-- Data extracts follows --

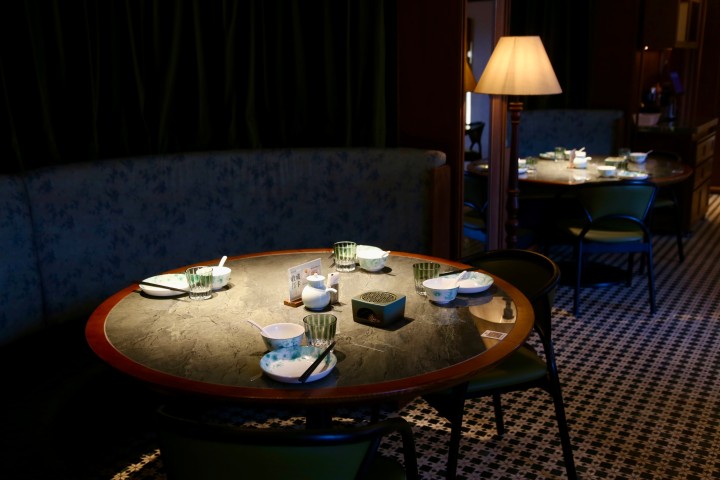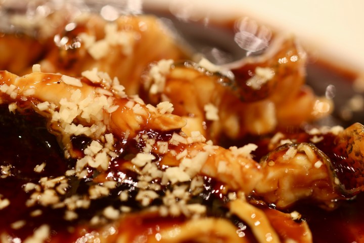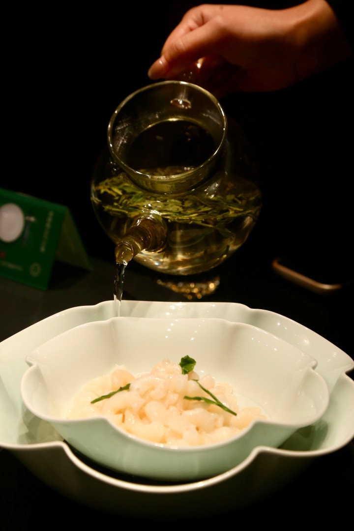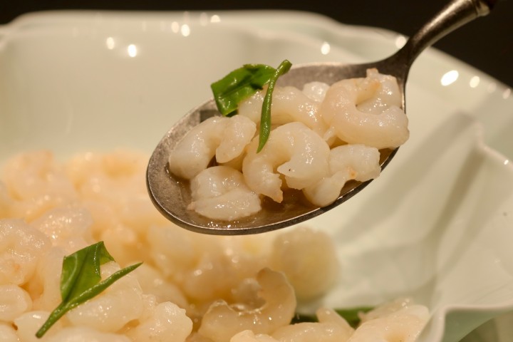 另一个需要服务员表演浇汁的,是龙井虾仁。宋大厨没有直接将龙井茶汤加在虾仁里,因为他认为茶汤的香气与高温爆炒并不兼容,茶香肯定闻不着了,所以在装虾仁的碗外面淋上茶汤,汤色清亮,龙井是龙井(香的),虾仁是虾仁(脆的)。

-- Data extracts concluded --
-- Data extracts follows --

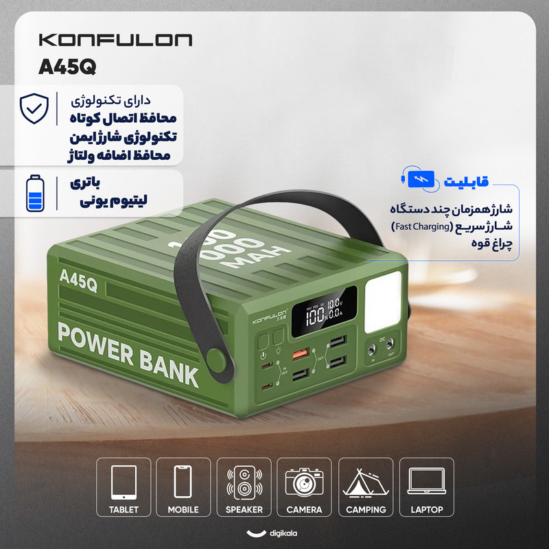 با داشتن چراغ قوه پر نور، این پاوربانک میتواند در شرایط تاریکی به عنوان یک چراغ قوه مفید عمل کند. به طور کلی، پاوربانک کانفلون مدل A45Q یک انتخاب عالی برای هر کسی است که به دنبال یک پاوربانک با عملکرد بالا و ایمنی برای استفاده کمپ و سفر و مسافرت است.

-- Data extracts concluded --
-- Data extracts follows --

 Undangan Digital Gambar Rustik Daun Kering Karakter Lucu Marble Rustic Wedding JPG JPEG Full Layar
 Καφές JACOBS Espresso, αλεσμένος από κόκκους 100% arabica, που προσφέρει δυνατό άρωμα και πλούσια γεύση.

-- Data extracts concluded --

Required action:
Please transcribe only the lines in the records above running from the line that has "Undangan Digital Gambar" through the line that has "Καφές JACOBS Espresso, αλεσμένος", both included, exactly as they appear.

Exercise answer:
 Undangan Digital Gambar Rustik Daun Kering Karakter Lucu Marble Rustic Wedding JPG JPEG Full Layar
 Καφές JACOBS Espresso, αλεσμένος από κόκκους 100% arabica, που προσφέρει δυνατό άρωμα και πλούσια γεύση.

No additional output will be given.